I can confirm another instance of such behaviour. It was also unpredictable, getting SEGFAULT and sometimes SIGILL on random dependencies during build. I tried switching to windows and it was working fine, all 5-10 clean rebuilds finished successfully. Then, i ran memtest a few times which did not show any issues with RAM.

Finally, i've switched back to linux, and it was no longer failing to build project. It was about 2 weeks ago on a stable rust version.
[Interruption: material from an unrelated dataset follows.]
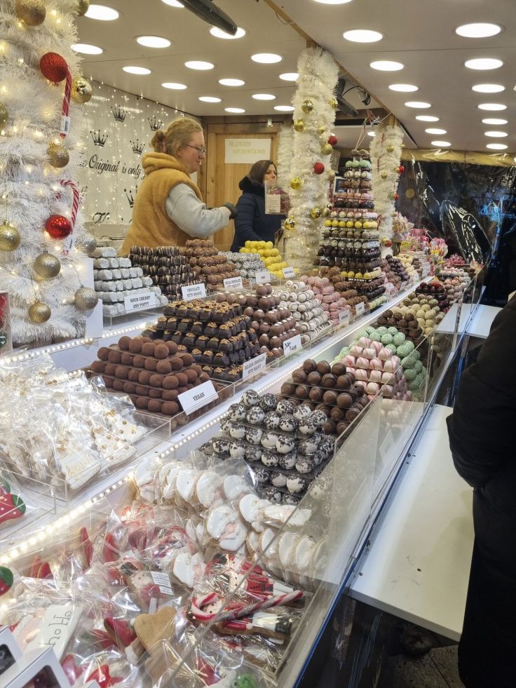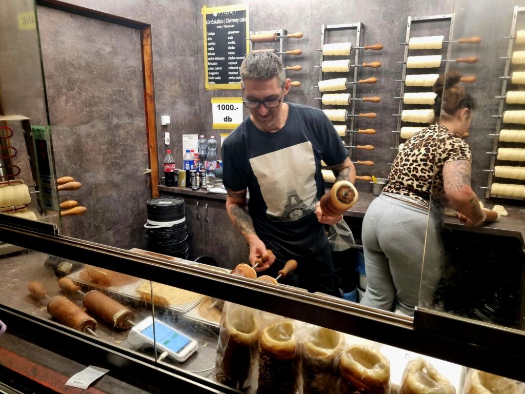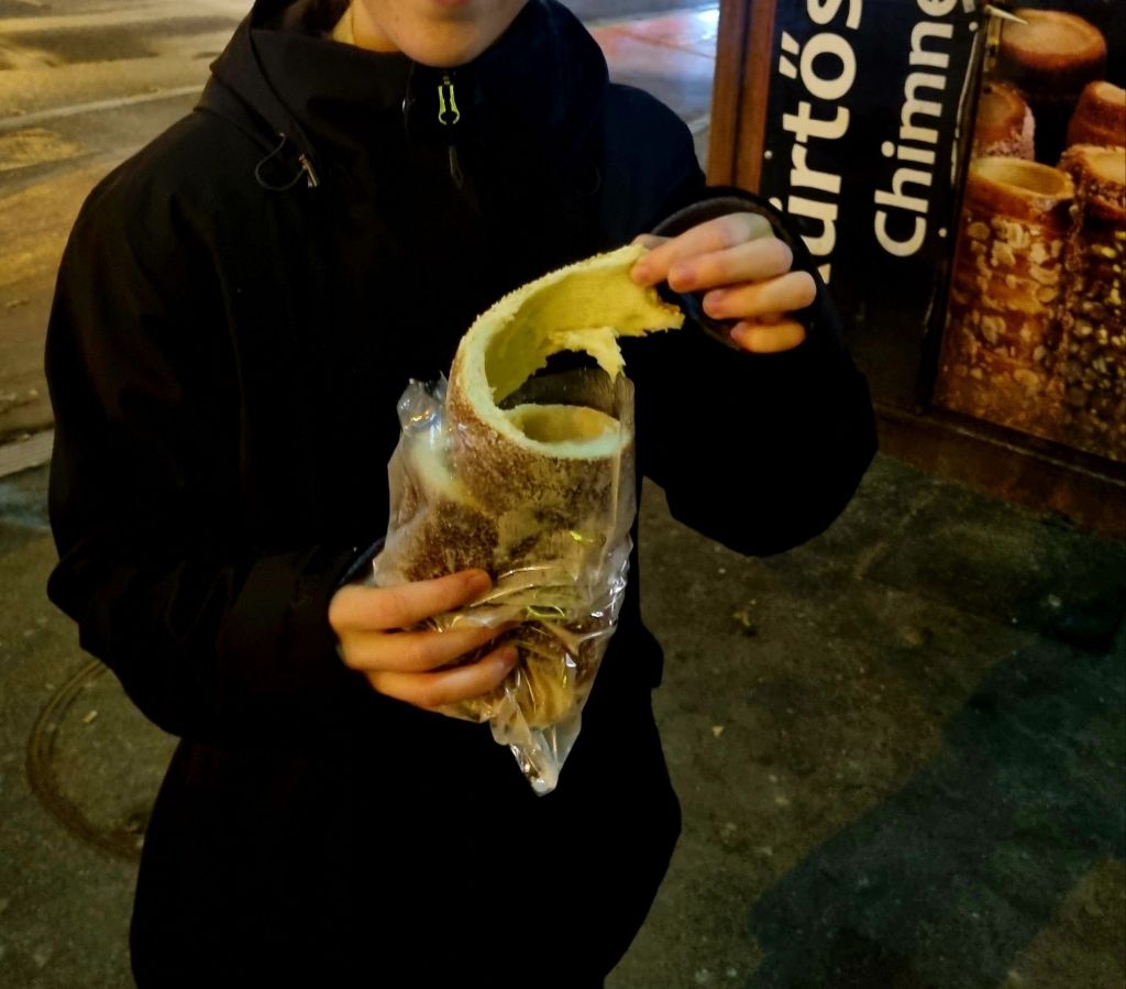 Wer Süßes sucht, wird im ganzen Stadtgebiet Baumstriezel / Chimney Cakes / Kürtöskalács finden. Dabei handelt es sich um Hefeteig, der um eine spezielle Form gewickelt und auf offenem Feuer gebacken wird. Er kann wahlweise mit Zucker und Zimt (traditionell), aber auch mit Nüssen, Schokolade, Mohn etc. gegegessen werden. Neuester Schrei auch in Budapest: Der Pistazien-Dubai-Kürtöskalács für den doppelten Preis, versteht sich … A propos Preis: An den Ständen, die ganzjährig in der ganzen Stadt verteilt zu finden sind, kostet ein Baumstriezel 1.000 HUF (ca. 2,50 Euro), auf dem Weihnachtsmarkt das zwei- bis dreifache. Damit noch mehr Geld damit verdient werden kann, werden die Striezel in stationären Chimney Cake Shops auch noch gefüllt angeboten. Wir waren mit der einfachen Variante vom Kiosk um die Ecke absolut glücklich!
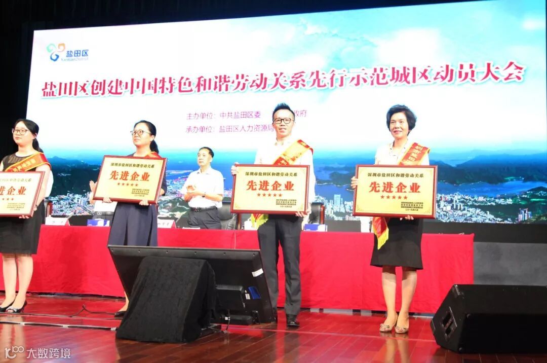 会议的一项重要议程是对盐田区和谐劳动关系先进企业进行授牌表彰。鉴于自身在构建和谐劳动关系建设方面所取得的突出成绩,我会名誉会长周桃林单位百泰集团获颁“盐田区五星级和谐劳动关系先进企业”。

Some observations: 1) non-clean rebuild was almost never failing. 2) clean rebuild was wailing with probability about 90% 3) some unexpected crashes were frequently happening on this hardware, mostly in games while GPU is loaded.

CPU: Intel i5-12400F

saethlin commented 2 days ago

I'm closing this because I believe the problem reported here has been diagnosed as defective hardware, based on the memtest failure above.